In [None]:
import numpy, pandas
from sklearn.feature_extraction.text import TfidfVectorizer, CountVectorizer
from sklearn.model_selection import train_test_split
from sklearn.pipeline import make_pipeline
from sklearn.naive_bayes import MultinomialNB
from sklearn.metrics import classification_report, confusion_matrix
import matplotlib.pyplot as plot
import seaborn
%matplotlib inline

# Predicting Language

One common problem on the web: because it's world-wide, there are lots of natural languages out there. If you have some text (from a discussion forum or other message), it's not always obvious **which language** you have.

In this exercise, we want to train a classifier to determine what natural language is used in a piece of natural language.

For this to work, we need training data: somewhere that we have text in a variety of language, and know the language we're looking at.

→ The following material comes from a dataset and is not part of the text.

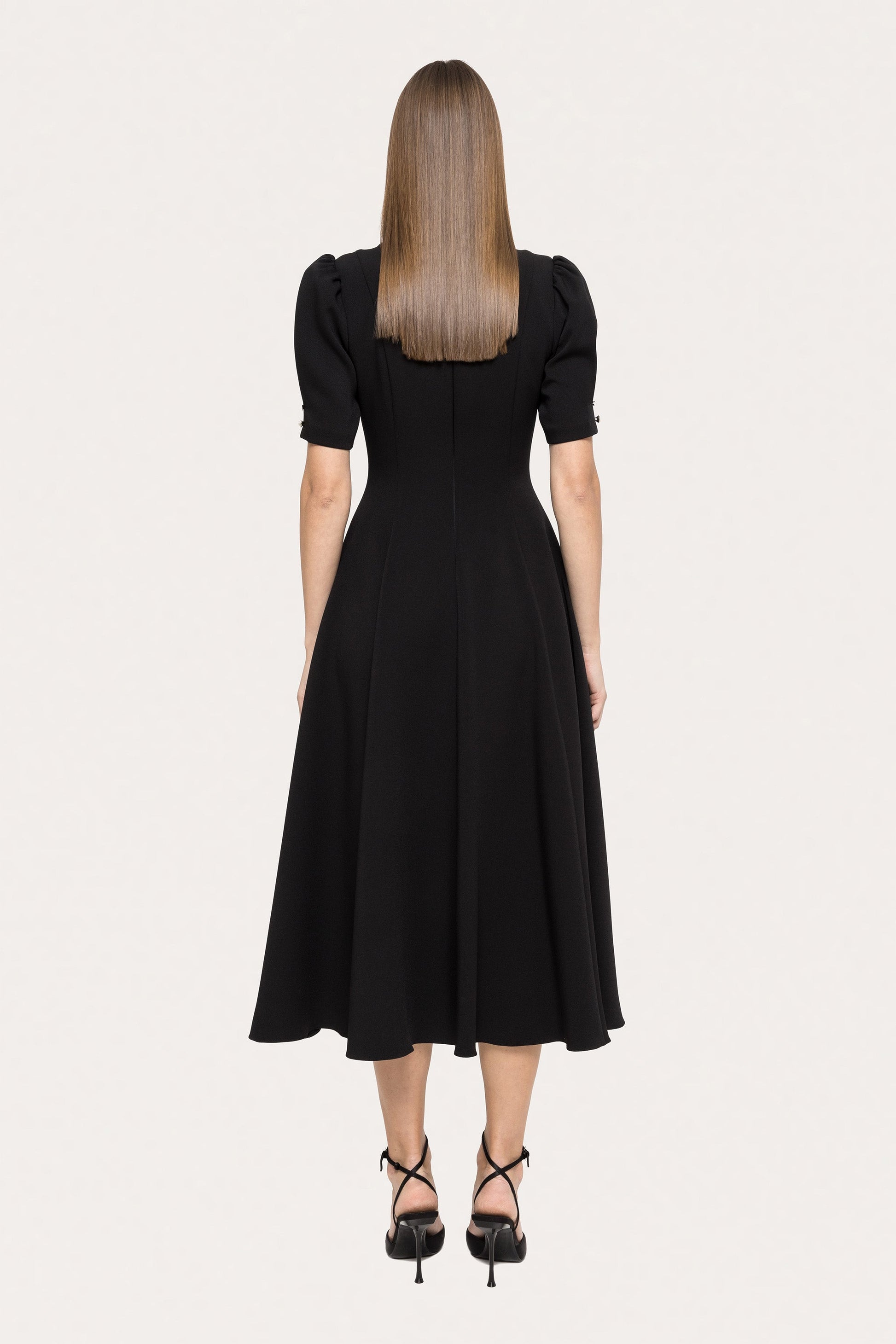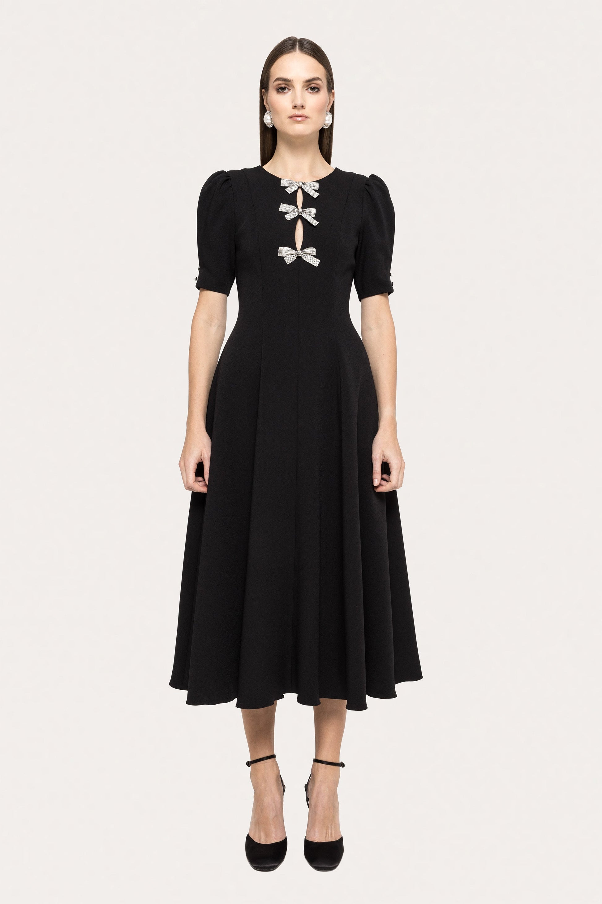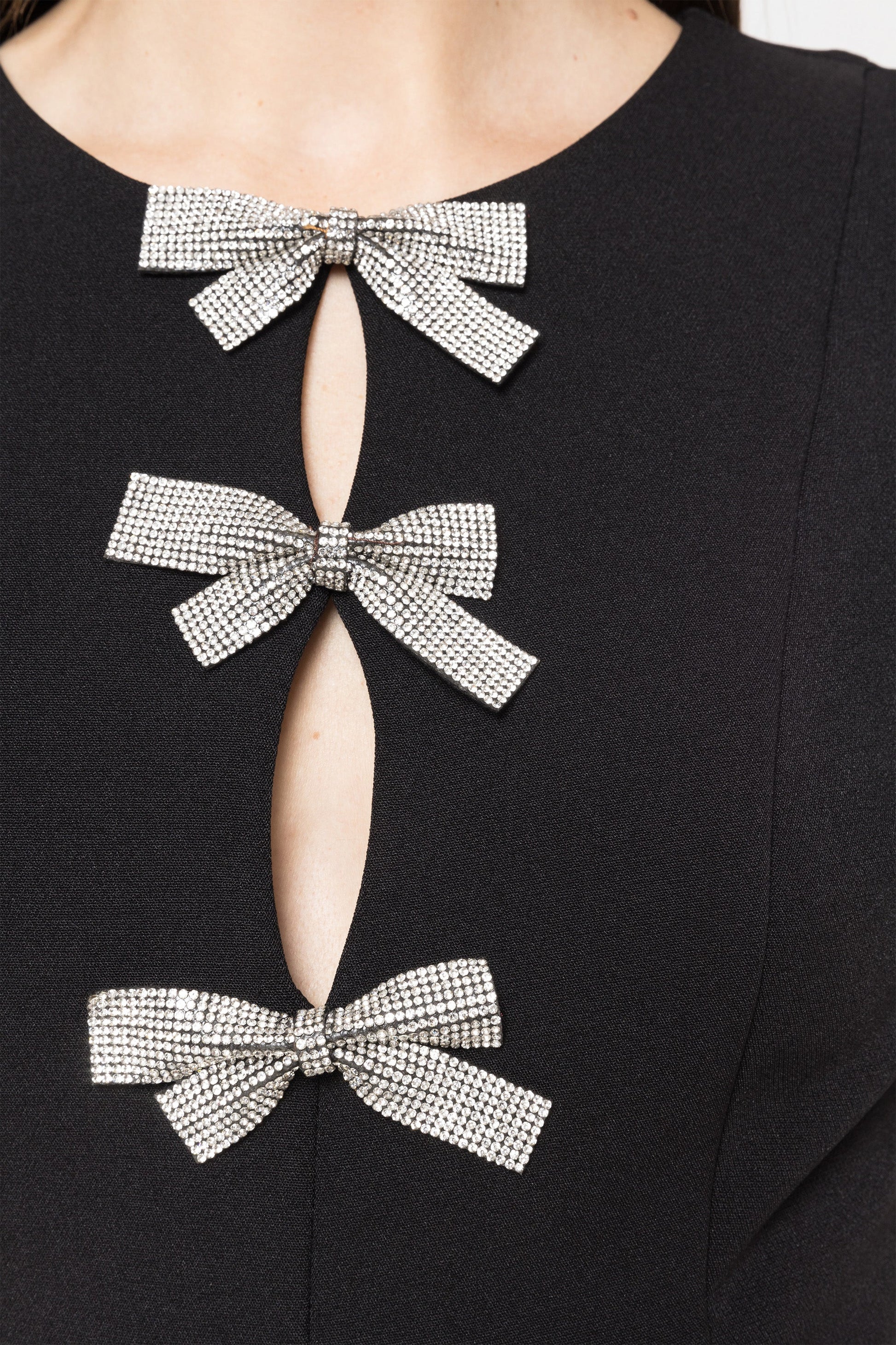 Understated yet eye-catching, this midi dress in smooth crepe fabric features a shimmering crystal bow. A graceful choice for daytime events or elegant parties.

Fortunately, we have that: a random sample of tweets collected over the last year with [the Twitter API](https://developer.twitter.com/en/docs/tweets/sample-realtime/overview/GET_statuse_sample.html). Tweets come with their text (what the user actually tweeted) and the language that Twitter detected for that tweet. (Since the language we have it itself output of some machine learning algorithm, it's probably not perfect, but it's good enough for us to do some training with.)

In [None]:
tweets = pandas.read_json("data/twitter-data.json.gz", orient="records", lines=True)
tweets = tweets[['text', 'lang']].dropna()

In [None]:
X = tweets['text']
y = tweets['lang']

TODO:
* Split training and testing data as we have before. 
* Create a pipeline that has tf-idf transformation and a multinomial naive Bayes classifier.
* Calculate a score (as we have before) to see what fraction is correct on the testing data

# Checking Out Your Results

### Classification Report

Have a look at the `classification_report` output: where are you succeeding and failing?

### Confusion Matrix

In [None]:
confusion = confusion_matrix(y_test, model.predict(X_test), labels=model.classes_)
seaborn.heatmap(confusion, annot=True, fmt='d', cbar=False,
            xticklabels=model.classes_, yticklabels=model.classes_, cmap='viridis')
plot.xlabel('predicted label')
plot.ylabel('true label');

### More About The Data

How are we training this model anyway?

In [None]:
tweets.groupby('lang').count()

The training data was weird: there are **many** English examples to train with, but very few Italian and Dutch (nl). Not surprisingly, the model doesn't have enough data to work with to correctly train the model.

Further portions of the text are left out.